Last but not least, I know from first-hand experience that the political and legislative processes are both highly impermeable to the type of public engagement that education issues seem to engender. All those parents and teachers who came to meet with me or my boss on "Hill Lobby Day" usually did so to no effect, I'm forced to say.

And, while community and public concerns can certainly derail tin-eared reform efforts like Alan Bersin in San Diego, more than a handful of district superintendents and reformers find that they can make progress without any serious commitment to the engaqement process.

The model for this may be Boston, where the superintendent and the school reform community has succeeded -- or failed, depending on your view of things -- largely without focusing on community engagement.

Here in Chicago, even with local school councils still nominally effect of school-level decisions, the district and the downtown reformers seem to have the field pretty much to themselves right now. There are a few old-school screamers and spitters out there still, but with less and less money every year.

I'm still hoping that maybe some engagement guru can shape me up on this issue.

2 Comments:

Blogger Amerloc said...

You can lead a horse to water....

7:50 AM  
Blogger Brett Pawlowski said...

I think it depends on your definition of public engagement: to which "publics" you're referring, and how you want them to engage with education.

I think most people would think of individuals (parents and other citizens) getting involved according to terms set form by the schools: volunteering, voting for bond issues, and the like. And yes, that's hard to do - at the risk of being overdramatic, people don't like being given orders if they don't feel like they're being heard in the bigger picture.

For more on this, take a look at my review (alright, my partial review) of "Is there a public for public schools" by David Mathews of the Kettering Foundation (http://www.dehavillandassociates.com/2006/01/is-there-public-for-public-schools.html).

If, however, you look at the public as all stakeholder groups affected by education - businesses, communities, government - and you define engagement as a collaborative (not dictated) venture, then I see tremendous value in it.

Schools are a means to an end: to prepare our kids to be capable and productive members of society, as workers, citizens, and neighbors.
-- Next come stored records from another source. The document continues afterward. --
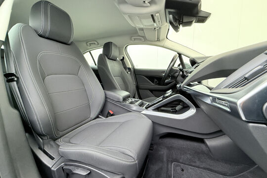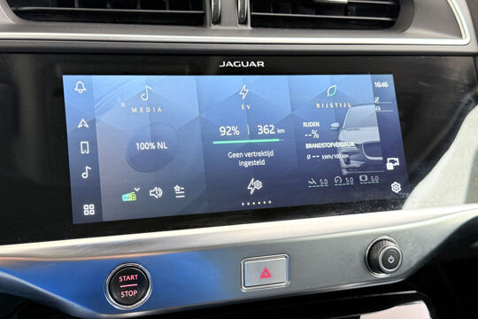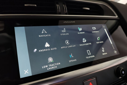 Pragmatisch en veilig als deze auto is, beschikt hij over diverse veiligheidssystemen. Dat de auto steeds meer taken van de bestuurder overneemt, merkt u bijvoorbeeld aan het systeem voor verkeersbord-detectie in deze auto. Deze Jaguar I-PACE is ook behulpzaam als het gaat om een rechte koers. Het Lane-keeping systeem signaleert en corrigeert als u onbedoeld de rijstrooklijnen dreigt te overschrijden. Op een kop-staartbotsing zit niemand te wachten. Daarom is de forward collision warning onderweg constant alert en berekent via een sensor de veilige afstand tot voorliggers. De auto is ook uitgerust met hill hold functie, vermoeidheidsherkenning, autonoom remsysteem en bandenspanningcontrolesysteem.
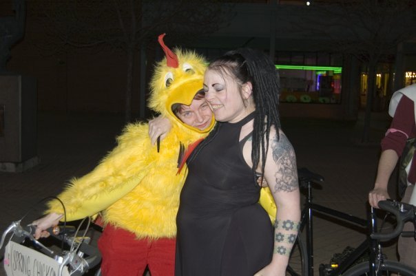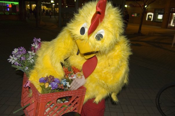 So last year, I had chased as Beetlebomb, which was the introduction of this persona, and as much fun as it is, I wanted to do something different. Having obtained a children's chicken suit for my Puns of the naverone completion, I wanted to make as much use of it as possible. the fun part was trying to fit my bike helmet under the chicken head. which was a little tight, but it worked. A few weeks earlier I had dumpstered a ton of fake flowers, and had not yet found a purpose for. I decided to put them in the basket on the back of my bike therefore becoming the "Spring Chicken". Dax assisted me in making signs for the front and back of my bike. As Rob had previously assisted me as dressing as an egg, (and as it is a shame to waste a perfectly good egg costume) he aqueoused and donned the apparel once more and we made a team of it.
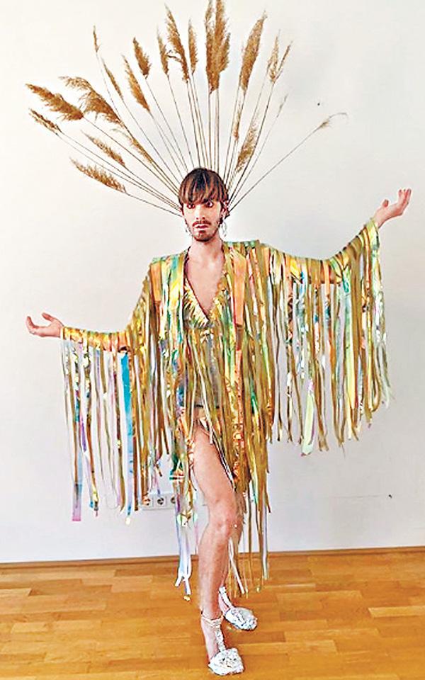 大會主題Camp,Celine以茱迪嘉蘭(Judy Garland)為靈感的流蘇造型,單單頭飾都重22磅。粉絲@Jakobvegh在家中用銀色反光紙條、禾稈草插頭,成功重現,連甫士、表情都抄到足。
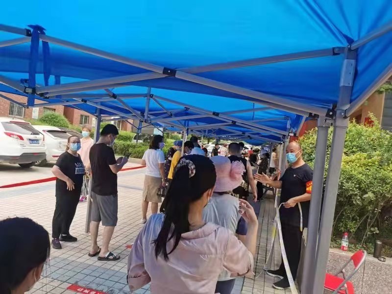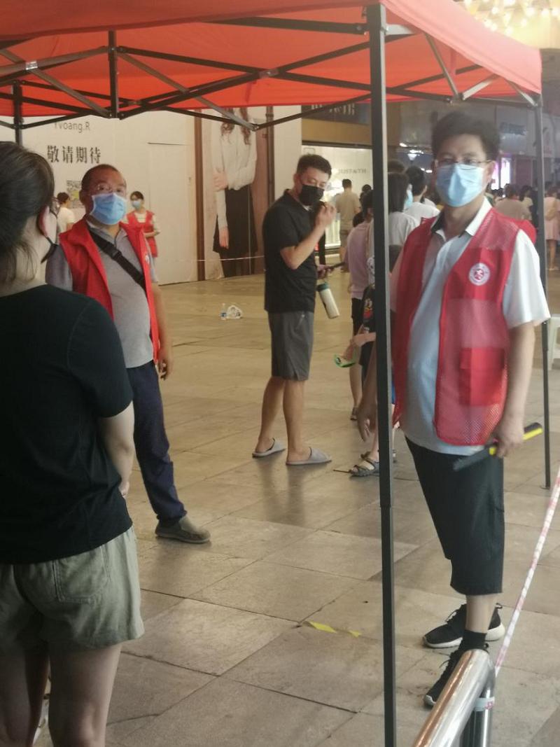 近日,郑州市多个区域相继出现新冠肺炎疫情本土病例,疫情防控形势异常严峻。tyc41183太阳成集团师生党积极响应学校党委、学院党委号召,积极投身疫情防控志愿者服务。tyc41183太阳成集团委书记王在钦主动向郑州市中原区三官庙街道湖光苑社区报名参加社区核酸检测志愿者,从2021年8月5日下午2:30到6日凌晨2:00,王在钦在核酸检测现场连续工作11个半小时,累得两条腿已不听使唤;6日下午又继续参加核酸检测的志愿者活动。

The people who receive our kids - businesses, communities, etc - have a right and a responsibility to make sure that schools understand how to define "capable and productive" according to contemporary (and ever changing) standards, and then set clear objectives (graduation standards) and a logical and consistent approach to helping kids meet those objectives.

If you look back at the first half of the 20th century, business leaders were involved in setting those standards, as they figured prominently on school boards. And because they helped set standards that were of interest to them (primarily vocational), they felt an obligation to support those objectives by participating in education with internships, school support, and the like. In theory, if stakeholder groups are given a real voice in setting the goals and methods for education, they should also feel a commitment to step in and support those efforts.

So that's my take - allow stakeholders to join as partners, and you'll end up with real support and relevant goals. Try to make them do your bidding, and you'll get a resistant, resentful, and unresponsive public.